— Лунатическое состояние, как бы не так! — сказала миссис Пултни-Бенкс.
Леди Уиддрингтон, казалось, задел тон ее матушки.
— А почему ему нельзя впасть в лунатическое состояние? — отрезала она.
— Потому!
— Просто он тревожится.
— Тревожится? — презрительно фыркнула миссис Пултни-Бенкс.
— Да, тревожится! — энергично возразила леди Уиддрингтон. — И я знаю почему. Ты не понимаешь Теодора, а я его понимаю.
— Скользкий, как мыло, — проворчала миссис Пултни-Бенкс. — Думал удрать в Лондон!
— Вот именно, — сказала леди Уиддрингтон. — К своему коту. Ты не понимаешь, что означает для Теодора разлука с его котом. Я давно замечала, что он ведет себя беспокойно и тревожно. Причина очевидна. Он тоскует по Уэбстеру. Я по себе знаю, каково это. В тот раз, когда Перси пропадал два дня, я чуть с ума не сошла. Сразу же после завтрака телеграфирую доктору Робинсону, Ботт-стрит, Челси, у которого сейчас находится Уэбстер, чтобы он прислал его сюда с первым же поездом. Помимо всего прочего он будет желанным товарищем для Перси.
— Ха! — сказала миссис Пултни-Бенкс.
— Что ты подразумеваешь под «ха!»? — вопросила леди Уиддрингтон.
— Я подразумеваю «ха!», — ответила миссис Пултни-Бенкс.

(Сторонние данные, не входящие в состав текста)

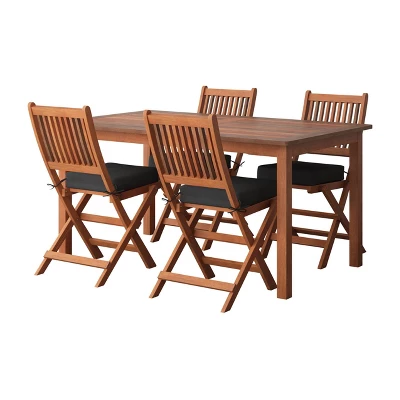 This patio dining set, crafted from hardwood is the perfect gathering spot for your alfresco dining space! Showcasing a classic silhouette and slatted tabletop and backrest, it brings a classic coastal feel to any patio. The table is equipped with a 2″ drilled umbrella hole to temper those too-sunny days and the chairs fold up for easy storage. Coming with four matching chairs, it’s perfect for patio dinners, poolside cocktails, or even an impromptu work-from-home option!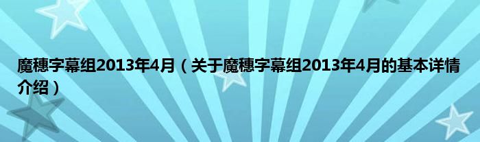 本文关于魔穗字幕组2013年4月的基本详情介绍就讲解完毕,希望对大家有所帮助。

Весь следующий день атмосфера в Уиддрингтон-Мэноре была грозовой. Естественное смущение епископа усугубляла манера миссис Пултни-Бенкс поглядывать на него из-за колючей ограды шалей и многозначительно кхекать. Так что после полудня он с облегчением принял предложение Ланселота удалиться в кабинет и завершить свои юридические дела.
Кабинет помещался на первом этаже, окна выходили на красивый газон и подстриженные кусты. В открытое окно вливалось благоухание летних цветов. Казалось, тут могла бы обрести покой даже самая израненная душа, однако епископ был явно не способен почерпнуть даже чуточку утешения из этой мирной картины. Он сидел, склонив голову на руки, и отвергал все попытки Ланселота утешить его.
— Эти ее «кхе»! — сказал он, дрожа, словно они все еще звучали у него в ушах. — Какие намеки они скрывают! Какую зловещую многозначительность!
— Но возможно, она простудилась и ничего больше, — настаивал Ланселот.
— Нет, все это неспроста. Они означали, что ужасная старуха разгадала вчера ночью мою уловку. Она прочла меня, будто открытую книгу. И с этих пор надзор усилится. Они не выпустят меня из виду ни на минуту, и конец теперь — лишь вопрос времени. Ланселот, мальчик мой, — сказал епископ, страдальчески протягивая к племяннику дрожащую руку, — ты молод и стоишь на пороге жизни. Если ты хочешь, чтобы жизнь эта была счастливой, запомни одно: плывя по океану, никогда не выходи на шлюпочную палубу после обеда. Искушение будет сильным. Ты скажешь себе, что в салоне душно и прохладный бриз рассеет ощущение тяжести, которое столь многие из нас испытывают после вечерней трапезы… Ты вообразишь, как там должно быть красиво, когда луна превращает волны в расплавленное серебро… Но не ходи туда, мой мальчик, не ходи!
— Ладненько, дядя, — сказал Ланселот, стараясь его успокоить.
Епископ погрузился в скорбное молчание.
— И дело ведь не в том, — заговорил он, видимо следуя какому-то ходу мыслей, — что я, как природный холостяк, взираю на брак с тревогой и озабоченностью. В отчаяние меня приводят особые обстоятельства моей трагедии. Если я соединю мою судьбу с судьбой леди Уиддрингтон, я уже никогда не увижу Уэбстера.
— Ну послушайте, дядя! Это уже чистый пессимизм.
Епископ покачал головой.
— Нет, — сказал он. — Если этот брак состоится, наши дороги, моя и Уэбстера, должны разойтись. Я не могу обречь столь чистого душой кота на жизнь в Уиддрингтон-Мэноре, на жизнь, означающую постоянное общение с этой скотиной Перси. Мой кот испытает самое пагубное влияние. Ты знаешь Уэбстера, Ланселот. Он был твоим постоянным товарищем (могу ли я даже сказать — ментором?) на протяжении многих месяцев. Тебе известна возвышенность его идеалов.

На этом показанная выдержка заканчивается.